*** THE DATA Section Begins ***

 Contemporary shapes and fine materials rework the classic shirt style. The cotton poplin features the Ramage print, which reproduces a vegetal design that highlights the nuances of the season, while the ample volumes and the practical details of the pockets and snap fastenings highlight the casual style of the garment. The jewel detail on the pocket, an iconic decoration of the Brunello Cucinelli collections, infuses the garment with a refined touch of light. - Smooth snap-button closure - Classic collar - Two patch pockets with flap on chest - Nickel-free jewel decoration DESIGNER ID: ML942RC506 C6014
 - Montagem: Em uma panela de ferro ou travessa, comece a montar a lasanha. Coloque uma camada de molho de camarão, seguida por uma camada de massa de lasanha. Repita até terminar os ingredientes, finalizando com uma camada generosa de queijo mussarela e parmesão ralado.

*** THE DATA Section Ends ***
*** THE DATA Section Begins ***

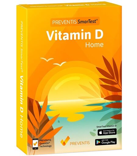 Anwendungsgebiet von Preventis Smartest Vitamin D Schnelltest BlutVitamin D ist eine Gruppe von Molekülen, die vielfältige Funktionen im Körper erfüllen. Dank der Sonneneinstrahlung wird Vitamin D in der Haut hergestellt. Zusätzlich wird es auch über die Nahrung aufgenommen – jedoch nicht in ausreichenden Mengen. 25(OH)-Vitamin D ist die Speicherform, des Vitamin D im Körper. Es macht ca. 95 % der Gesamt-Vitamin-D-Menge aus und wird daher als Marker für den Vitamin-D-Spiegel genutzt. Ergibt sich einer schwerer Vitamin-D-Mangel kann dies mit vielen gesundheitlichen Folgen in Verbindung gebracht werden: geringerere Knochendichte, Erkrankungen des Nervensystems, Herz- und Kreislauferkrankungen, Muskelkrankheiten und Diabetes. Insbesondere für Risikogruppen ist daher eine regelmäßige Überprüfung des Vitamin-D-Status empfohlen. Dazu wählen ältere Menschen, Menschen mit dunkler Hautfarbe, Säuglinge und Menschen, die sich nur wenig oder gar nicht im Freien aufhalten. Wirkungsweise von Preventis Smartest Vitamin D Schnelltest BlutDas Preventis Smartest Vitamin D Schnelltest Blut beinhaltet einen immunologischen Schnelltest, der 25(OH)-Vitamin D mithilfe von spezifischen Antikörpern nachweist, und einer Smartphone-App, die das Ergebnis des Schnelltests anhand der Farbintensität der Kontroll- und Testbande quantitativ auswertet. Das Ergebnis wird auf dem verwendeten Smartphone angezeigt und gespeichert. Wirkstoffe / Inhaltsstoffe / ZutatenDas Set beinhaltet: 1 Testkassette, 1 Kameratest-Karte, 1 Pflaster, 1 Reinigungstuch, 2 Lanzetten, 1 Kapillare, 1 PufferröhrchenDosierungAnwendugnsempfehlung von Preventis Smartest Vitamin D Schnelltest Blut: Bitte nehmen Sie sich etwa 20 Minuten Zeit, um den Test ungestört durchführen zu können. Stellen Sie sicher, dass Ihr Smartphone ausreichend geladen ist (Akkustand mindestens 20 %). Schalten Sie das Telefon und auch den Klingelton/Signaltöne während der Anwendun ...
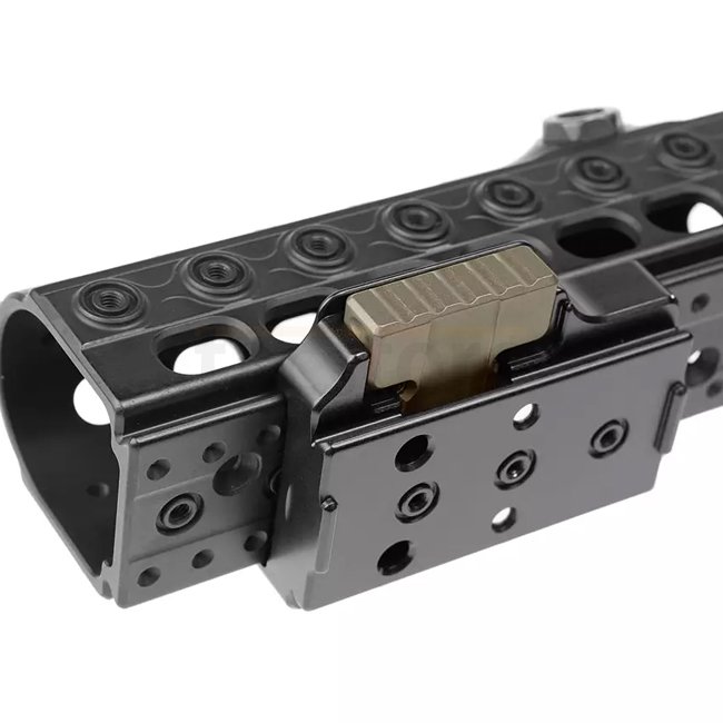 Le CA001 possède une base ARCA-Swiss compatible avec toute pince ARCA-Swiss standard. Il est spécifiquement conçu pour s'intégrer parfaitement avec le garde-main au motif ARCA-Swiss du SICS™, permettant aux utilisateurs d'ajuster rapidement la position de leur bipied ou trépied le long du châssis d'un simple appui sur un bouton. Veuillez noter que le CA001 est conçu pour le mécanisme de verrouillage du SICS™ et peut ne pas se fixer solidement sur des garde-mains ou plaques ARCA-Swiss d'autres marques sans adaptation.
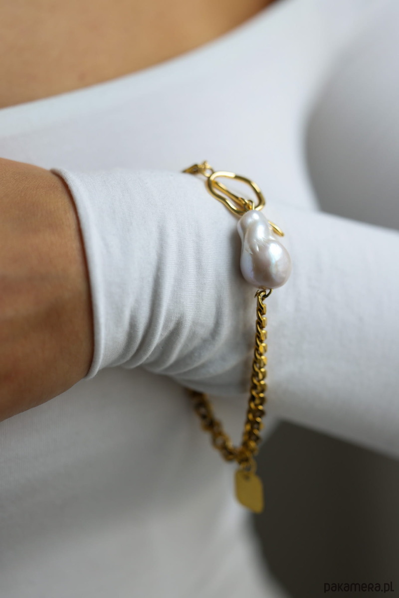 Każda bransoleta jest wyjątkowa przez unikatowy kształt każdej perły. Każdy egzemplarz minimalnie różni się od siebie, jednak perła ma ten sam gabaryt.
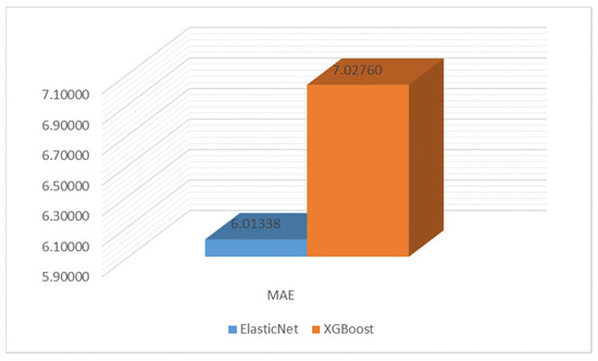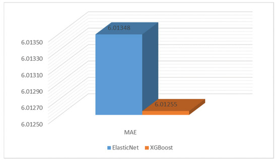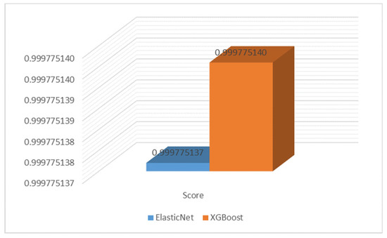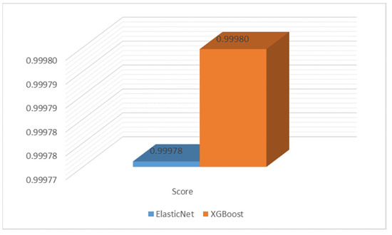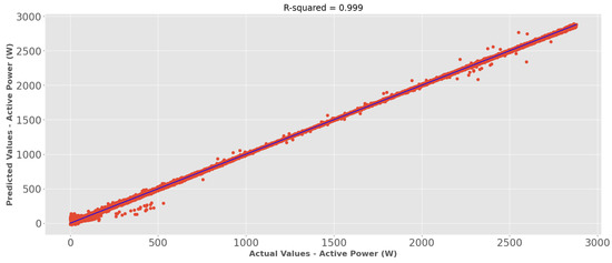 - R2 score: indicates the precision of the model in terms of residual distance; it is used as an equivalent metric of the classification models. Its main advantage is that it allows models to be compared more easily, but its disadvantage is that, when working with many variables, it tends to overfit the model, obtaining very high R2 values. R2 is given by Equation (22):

*** THE DATA Section Ends ***

## [ABOUT THIS EXERCISE]
Range to print from the listing above: from the line with "Każda bransoleta jest" up to and including the line with "- R2 score: indicates". Please print those lines exactly, with no pictures and nothing more.

## [YOUR RESPONSE]
 Każda bransoleta jest wyjątkowa przez unikatowy kształt każdej perły. Każdy egzemplarz minimalnie różni się od siebie, jednak perła ma ten sam gabaryt.
 - R2 score: indicates the precision of the model in terms of residual distance; it is used as an equivalent metric of the classification models. Its main advantage is that it allows models to be compared more easily, but its disadvantage is that, when working with many variables, it tends to overfit the model, obtaining very high R2 values. R2 is given by Equation (22):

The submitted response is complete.